This would be simple from a data perspsective, since there is no concept of 'anonymous' in MW data models, just 'registered' and 'not registered'. Historical anonymous == not registered, but perhaps the code should be changed to that User::isAnon() returns true for temp accounts. Ottomata (talk) 21:08, 22 May 2023 (UTC)Reply
See also T336176 - MediaWiki user types Ottomata (talk) 21:10, 22 May 2023 (UTC)Reply
@Ottomata as I mentioned in my first post, I came into this discussion with the same idea, that temp users should be considered registered because they have rows in the user table and because User::isRegistered() returns true for them.

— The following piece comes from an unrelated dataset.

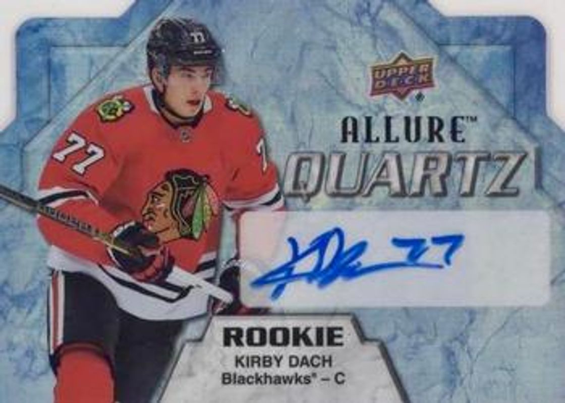 The Kirby Dach 2019 Upper Deck Allure #AQR-KD Quartz Rookie Autographs Blue /5 card is 1 of 42 Kirby Dach's card variations in the 2019 Upper Deck Allure set being tracked by Sports Card Investor, including #107 Base, #89 Base, #89 Pewter, #107 Pink Diamond, and #89 Red Rainbow.
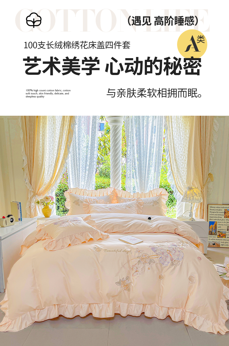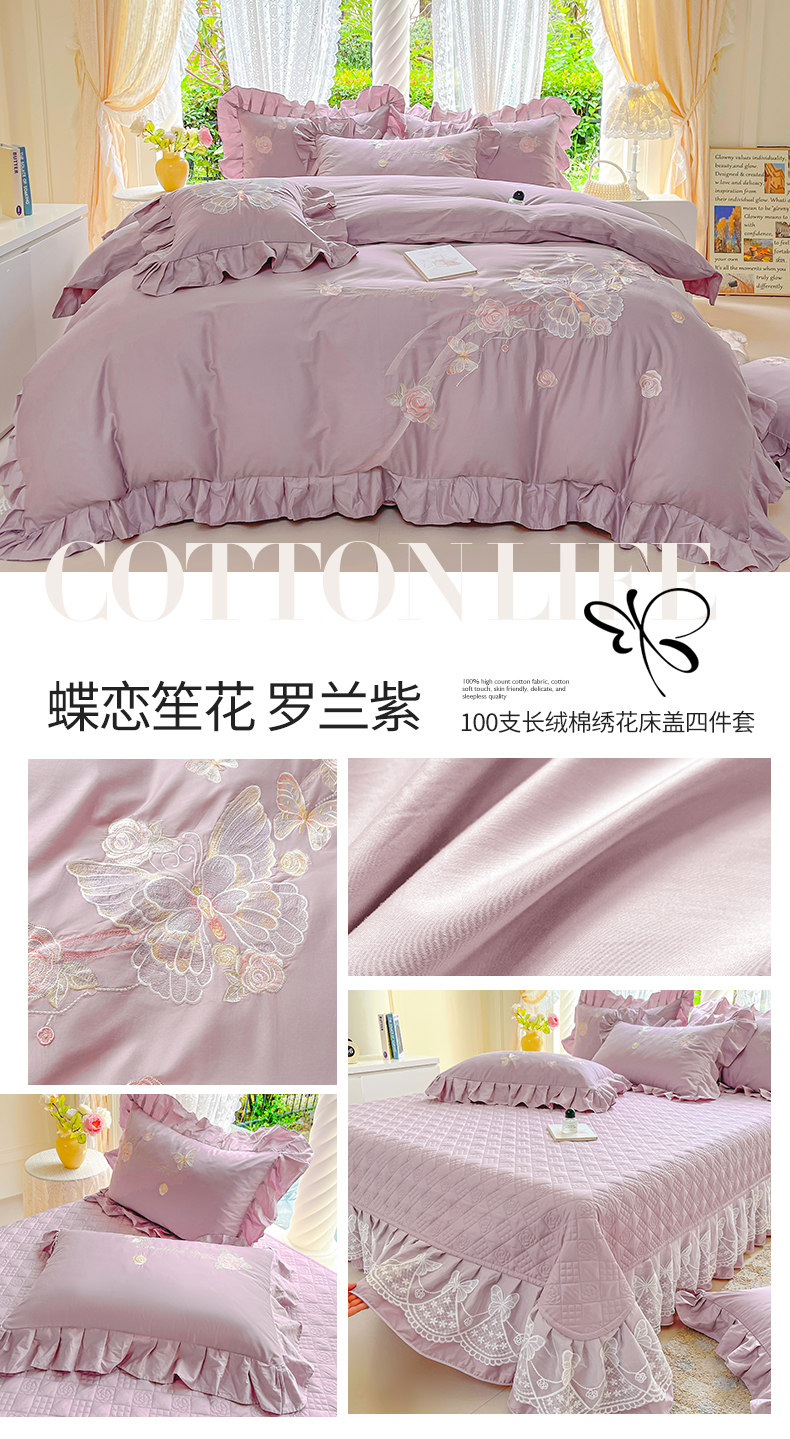 (总)宜凡家纺 2025新款全棉数码印花床裙四件套系列一,静若幽兰,浮云织梦,梦幻花园,陌上花开

But @Milimetric (WMF) and @MKampurath (WMF) had a different idea: that temp users should be considered unregistered, because from a user point of view they have almost everything in common with IP users and almost nothing in common with traditional registered users (as @Danilo.mac said above). Also, from a semantic point of view, they have not, in fact, gone through the registration process!
Eventually, I came around to their point of view and came here to see if others agreed as well. @NKohli (WMF) and @Matma Rex did, which is why I changed the page to reflect it.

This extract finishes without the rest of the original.